FRANCO - Ah, mas a terceira é onde tem aquelas casas de bacana, que parecem que nem são da Pereira. O
fulano (cita alguém do público) morava lá. Tu vê, é outra postura, pinta de bacana mesmo.

Mari, Franco e Rodrigo descrevem a geografia da Pereira, lembrando sempre da objetividade. O mais
importante neste momento é o público visualizar essa rua.

A partir de alguma imagem que surgir, chegam ao jogo do samba. Algo na descrição faz lembrar uma
música da época, um samba.

FRANCO – Vou lançar um desafio pra vocês. Eu puxo um samba das antigas, daqueles lá do bar do Josil. Aí
quero ver quem sabe continuar. Quem perder paga a rodada de cerveja quando a gente se encontrar
pessoalmente.

RODRIGO - Pô, já é.

MARI - Ih, tô na desvantagem, mas vamos lá.

Franco puxa uma música e o jogo se desenvolve. Todos podem participar. Franco estimula o público a
participar também. Não precisa pedir às pessoas pra abrir a câmera, apenas o microfone pra cantar. Andréa
pode participar também, apenas com o microfone aberto.

4 – Sonho e infância nas ruas do subúrbio


A proposta de sonho abaixo pode ser modificada pela Andréa. Vamos partir desta proposta como exercício
hoje, mas podem ser incluídos outros elementos. Lembrando que o sonho precisa: ser curto, descritivo, ter
como foco a Pereira, mostrar elementos da rua já citados e descrever a riqueza do Rodrigo.

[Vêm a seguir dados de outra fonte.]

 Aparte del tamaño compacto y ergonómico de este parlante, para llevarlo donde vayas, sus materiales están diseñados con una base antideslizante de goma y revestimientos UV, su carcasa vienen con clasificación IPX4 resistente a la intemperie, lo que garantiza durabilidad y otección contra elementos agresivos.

ANDRÉA (interrompendo, mas ainda sem abrir a câmera) - Gente, eu tive um sonho. (Todos fecham a
câmera). Sonhei que estávamos brincando na Pereira. A rua era de terra ainda, tinha muita casa de muro
baixo que a gente pulava, tipo a rua da cidade onde eu morei antes de ir pra Marechal. A gente corria e subia
aquela poeirada. Estávamos brincando de pique-esconde e tava com a Gisele (alguém do público). Gisele,
você pode contar até cinco e no final você diz “lá vou eu”. (Quando Gisele diz lá vou eu, Andréa abre a
câmera). Quando eu ia bater um, dois, três, salve todos, eu via que o prédio das kitnets da Juliana tinha
virado um shopping, enorme, todo iluminado, com letreiro e tudo. Aí o Rodriguinho passava na porta, no mó
carrão vermelho e luxuoso, e falava: “entra aí, minha patroa. Hoje vou te levar pra dar um rolê.” O Rodrigo
tinha ganhado na loteria, ficado rico, igual ele dizia quando era criança.

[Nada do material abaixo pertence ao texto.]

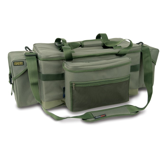 The Deluxe Carryall has been manufactured to the exacting standards that you have grown to expect and demand from Shimano. With power stitch on all of the seams of the bag it is incredibly durable and has been built to last. Webbing handles, with a Velcro wrap around hand cushion, make transporting this bag in and out of your vehicle simple, and the fully adjustable padded shoulder strap allows for hands free transportation down to the bank.

MARI - Quando ele era criança ele não contava com a loteria não, dizia que ia ficar rico de trabalhar, que ia
ser cozinheiro e depois do dono de restaurante e do barracão da Unidos da Pereira.

Mari compartilha a foto de carnaval. É como se a foto se misturasse ao sonho da Andréa.

MARI - E ainda prometeu que quando fosse rico ia bancar fantasia de carnaval pra todo mundo.

FRANCO - Ele falava isso pra ninguém ter coragem de zoar a fantasia dele. Olha ali, coitado.
Todos descrevem a foto, falando dos acontecimentos de um dia específico de carnaval. Foco descritivo sobre
os participantes da foto, depois falam do carnaval na Pereira, a criançada pela rua. Andréa intercala a
descrição da foto com elementos do seu sonho, como se desse continuidade ao seu sonho, mas sem
identificar o que faz parte do sonho e o que realmente aconteceu. (Vamos tentar isso como exercício hoje).

Em algum momento alguém puxa uma música de bate-bola.

5 – Revivendo o carnaval da rua

FRANCO – Meu sonho sempre foi ter uma fantasia de bate-bola.

Descreve a saída dos bate-bolas na Pereira, os fogos, o portão se abrindo e os bate-bolas correndo. A
criançada encantada.
Imagens e sons que remetem às lembranças de bate-bola. Pesquisar e organizar as imagens dos ensaios
anteriores (bate-bola na TV, Mari vestindo a roupa, máscara de bate-bola) e as trazidas pela Mari no último
ensaio.

MARI - Franco, olha que curioso, eu já me vesti de bate-bola. Você lembra?” (mostra foto real da fantasia).

FRANCO (rindo) - Pô, sua fantasia é feia pra caralho. (Volta a balançar sua bandeira mais empolgado).

RODRIGO (interrompendo) - Vocês sabem que ônibus eu pego pro centro?